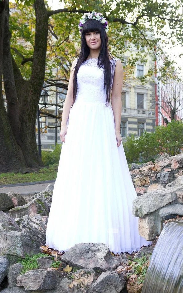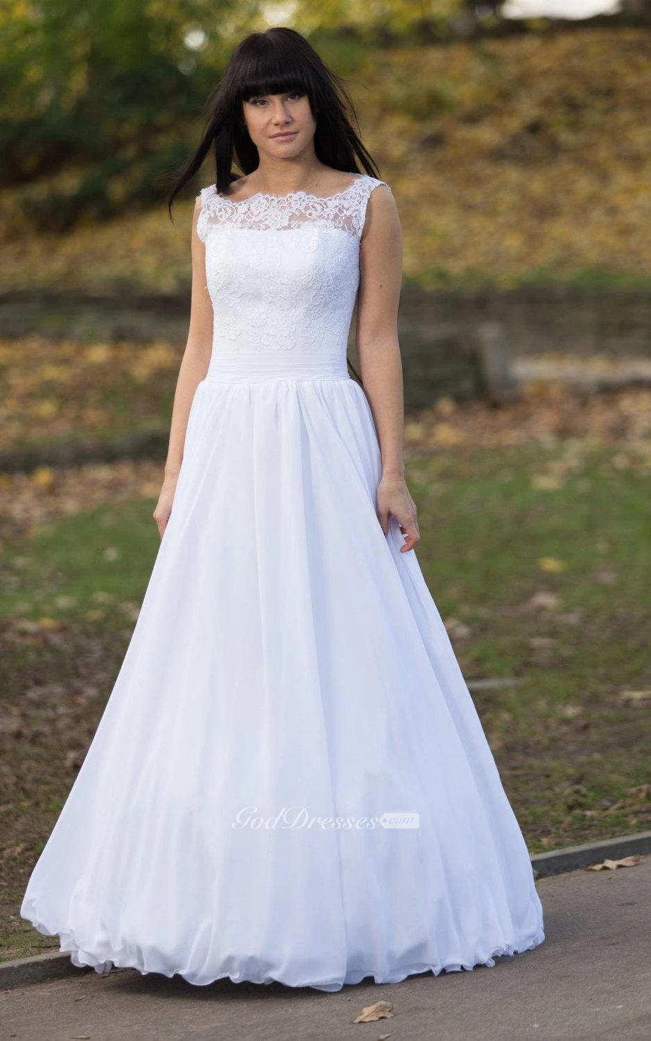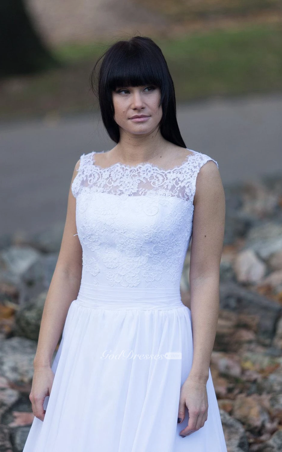 Pleated Sleeveless Chiffon A-Line Dress With Lace Bodice
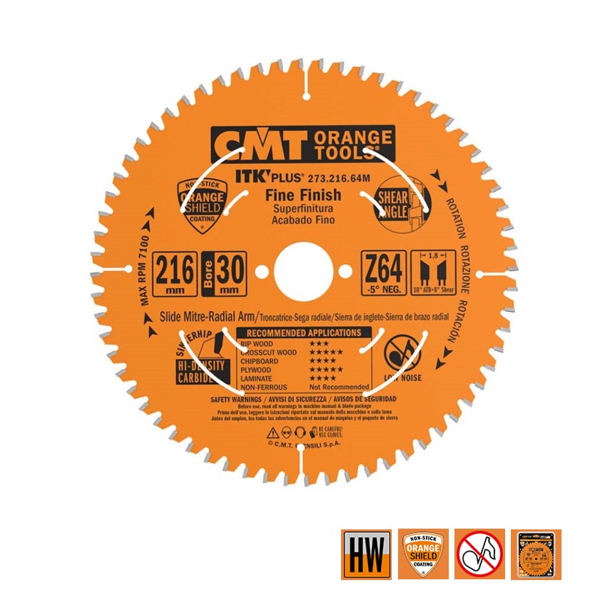 CMT Dunne fijne afkortzaag voor massief hout en beplakte plaat 216x30x1.8mm Z64 HW - 273.216.64M
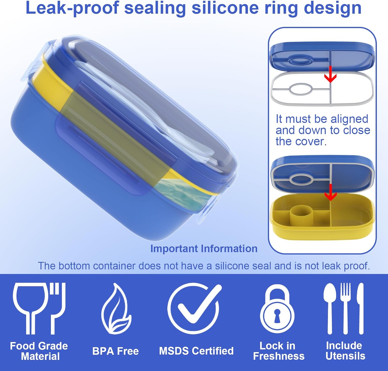 - Leak-Proof and Easy to Clean: Equipped with high-quality silicone sealing components and 4 reinforced locking clips, our lunch box guarantees leak-proof performance, preventing any liquid leaks during travel. Cleaning is a breeze, ensuring convenience for your busy lifestyle
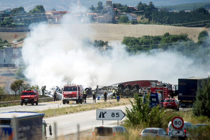 Trafiko istripu handia gertatu da A-15 autopistaren 85. irteeran, Ezkiroz parean.

§ Requirement: Output the lines above in full and exactly. Leave out every picture.

§ Response to the exercise:
 Pleated Sleeveless Chiffon A-Line Dress With Lace Bodice
 CMT Dunne fijne afkortzaag voor massief hout en beplakte plaat 216x30x1.8mm Z64 HW - 273.216.64M
 - Leak-Proof and Easy to Clean: Equipped with high-quality silicone sealing components and 4 reinforced locking clips, our lunch box guarantees leak-proof performance, preventing any liquid leaks during travel. Cleaning is a breeze, ensuring convenience for your busy lifestyle
 Trafiko istripu handia gertatu da A-15 autopistaren 85. irteeran, Ezkiroz parean.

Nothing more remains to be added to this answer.